George Wallace said:
			
		

> I think most Regt'l QMs 'lost' their swords in the late 1930's - early 1940's, along with the disappearance of the Horse.  As is normally the case, no one forsaw the need for them anymore, even for those ceremonial occassions, such as parades.  We now had newer, more 'modern' weapons.      ;D



So that's what happened to the pikes! I once saw an issue sword from the WWI period which was a true gem; stamped steel handguard, bakalite handle and a blade without any engraving or markings at all (except for what looked like a proof mark near the hilt). Alas, my wallet was very light that day.....


----------



## army outfitters (13 Nov 2006)

Le Gars said:
			
		

> I did a search and found a couple of topics on swords. from those I have two useful links:
> 
> http://www.solingen-swords.com/produkte/saebel/gb/index.html
> http://www.williamscully.ca/gallery/swords?page=1
> ...


2 RCR buys there infantry pattern swords from me as I am the rep for WKC in Germany here in Canada. If you need swords let me know. You can find me via my web site at www.armyoutfitters.ca


----------



## smokeydude (8 Jan 2007)

Hey Everyone,
  
  Some of you people were asking about sword makers.  There is also Coghlin and Upton who has CF swords.  He deals alot to DND I believe he finished a shipment last year of something like 200 swords to them.  Anyways, up to you guys if u wanna check him out or not, just thought I'd throw that company out there too! 
 http://coghlinandupton.com/  is his website.   He doesn't have any of the swords in the online catalogue, yet, but he definatetly has them, and he also makes belts and all that jazz.  Good Luck!
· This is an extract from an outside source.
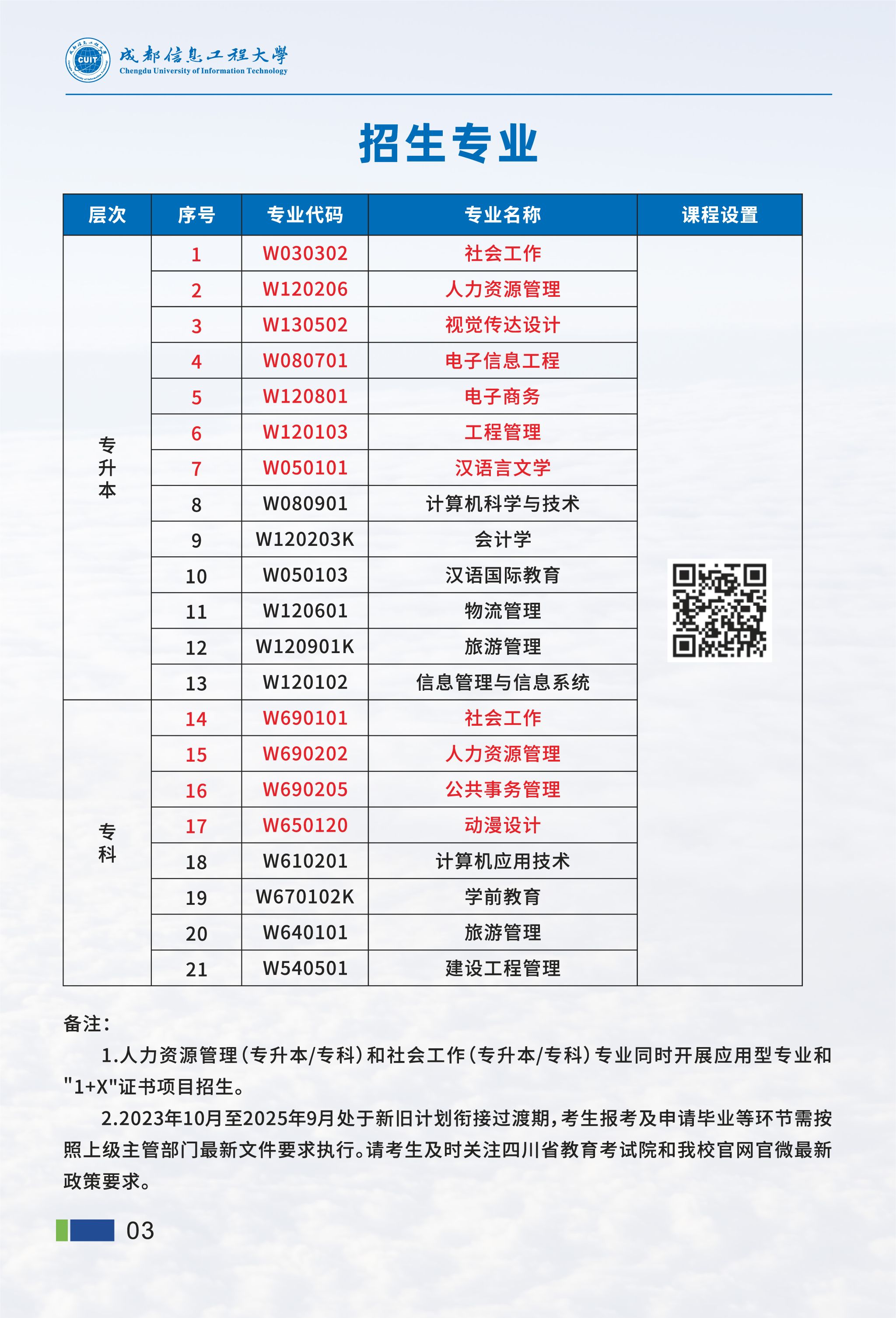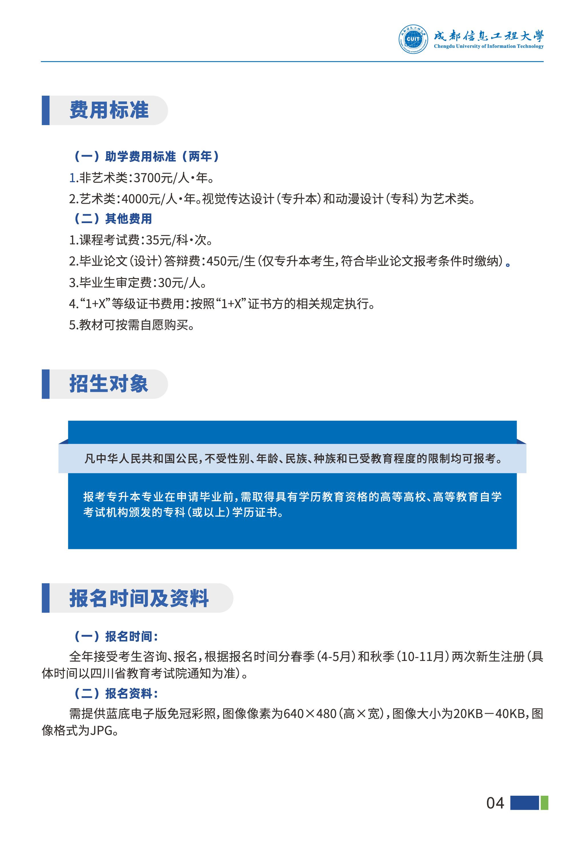 成都信息工程大学2024年秋高等自学考试应用型专业招生简章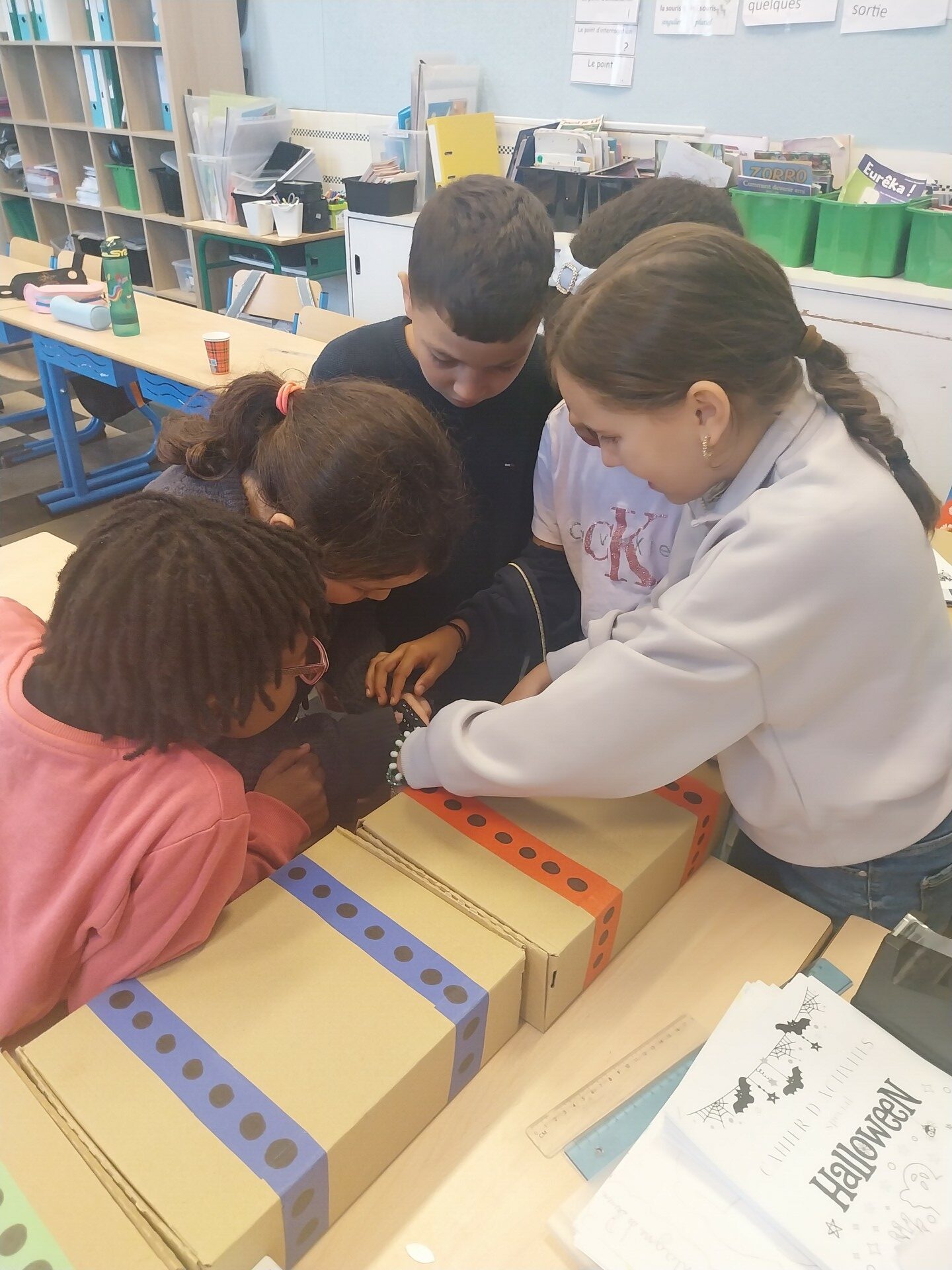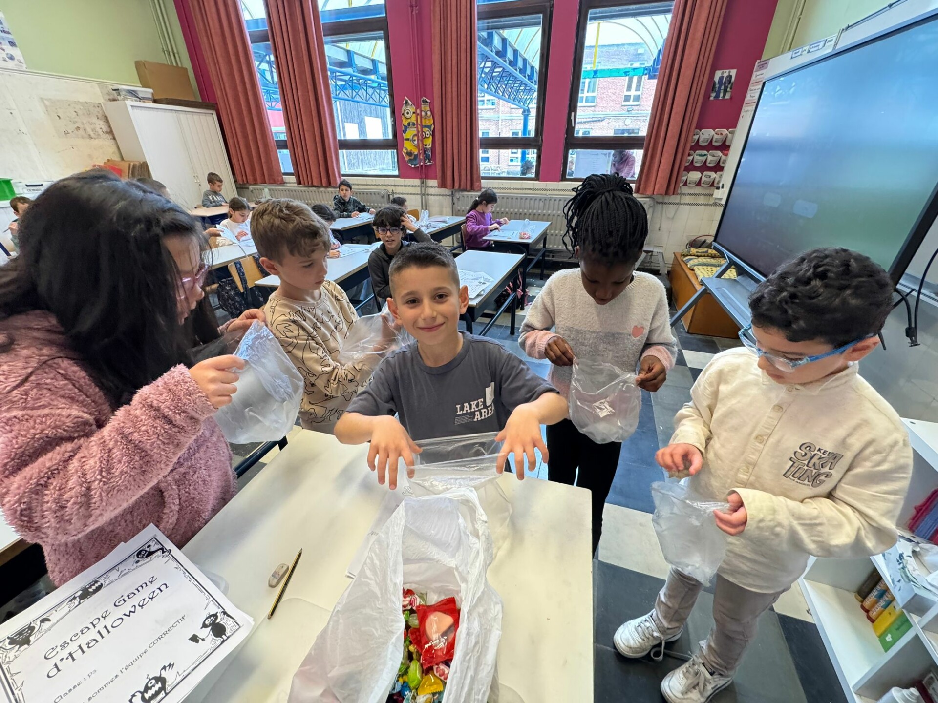 Aujourd’hui, tous les élèves de 3èmes et 4èmes ont réussi à résoudre les 5 énigmes de leur escape game. Ils ont réussi à trouver le code du cadenas pour libérer tous les bonbons. Bravo à eux pour leur travail d’équipe Un merci spécial aux mamans de l’association des parents qui ont encadré les enfants toute la journée.

Cheers!


----------



## ModlrMike (9 Jan 2007)

I'd love to lay my hands on a cutlass, as this was the traditional wpn of the Petty Officer before the standard CF sword pattern was introduced. It would be nice to add this to my retirement collection.


----------



## Al_729 (21 Feb 2007)

I'm not 100% sure if this is the best thread to post this question in, but I couldn't find any others on swords.  It seems from what I've read that officers are allowed to choose their own swords- is this correct? Or is there certain types or makes of swords that officers in certain regiments must adhere to? The reason I ask is I have in my possession a sword which my great-Grandfather had when he was an infantry officer in WWI, this sword was passed to my Grandfather who was in the armoured corps and later RCEME in Korea. Now that I am finishing up my DEO application I'd love to carry this sword once I am comissioned.

Cheers


----------



## goodform (21 Feb 2007)

Al_729,
An officer may have their own sword but, it must be of a pattern approved for their particular branch or group. There are half a dozen (off the top of my head) patterns of sword in the CF. If you look at some of the links preceding this post, you can see what fits where.

rwgill,
I joined the local regt. so perhaps the info about me being CIC was out of date, looking to get an honest to God basket hilted claymore.


----------



## medaid (21 Feb 2007)

Yup there are differences in swords. There are artillery pattern officer swords, armoured ( Cavalry) pattern officer swords Navy Officer Pattern swords, air force pattern officer swords and lastly the infantry pattern officer swords. Now, from my understanding everyone else in the army who does NOT have a specific sword, ie. arty, cavalry, carries the generic infantry patter officer swords. The one currently in use is the 1879 Infantry Pattern Officer Sword by all units in the CF with the exception of those above mentioned swords and the highland basket hilt sword  hope that helps!


----------



## Teddy Ruxpin (21 Feb 2007)

Al_729 said:
			
		

> I'm not 100% sure if this is the best thread to post this question in, but I couldn't find any others on swords.  It seems from what I've read that officers are allowed to choose their own swords- is this correct? Or is there certain types or makes of swords that officers in certain regiments must adhere to? The reason I ask is I have in my possession a sword which my great-Grandfather had when he was an infantry officer in WWI, this sword was passed to my Grandfather who was in the armoured corps and later RCEME in Korea. Now that I am finishing up my DEO application I'd love to carry this sword once I am comissioned.
> 
> Cheers



Once you're in a unit, ask permission to carry it.  Given its history, I would be shocked if you were told "no".


----------



## geo (21 Feb 2007)

Cavalry units have sabers, Highland units have Claymores & the Arty units have the wire hilt.  Navy swords & Oirforce swords are another thing altogether BUT Infantry pattern swords are, by default, the basic standard for all others....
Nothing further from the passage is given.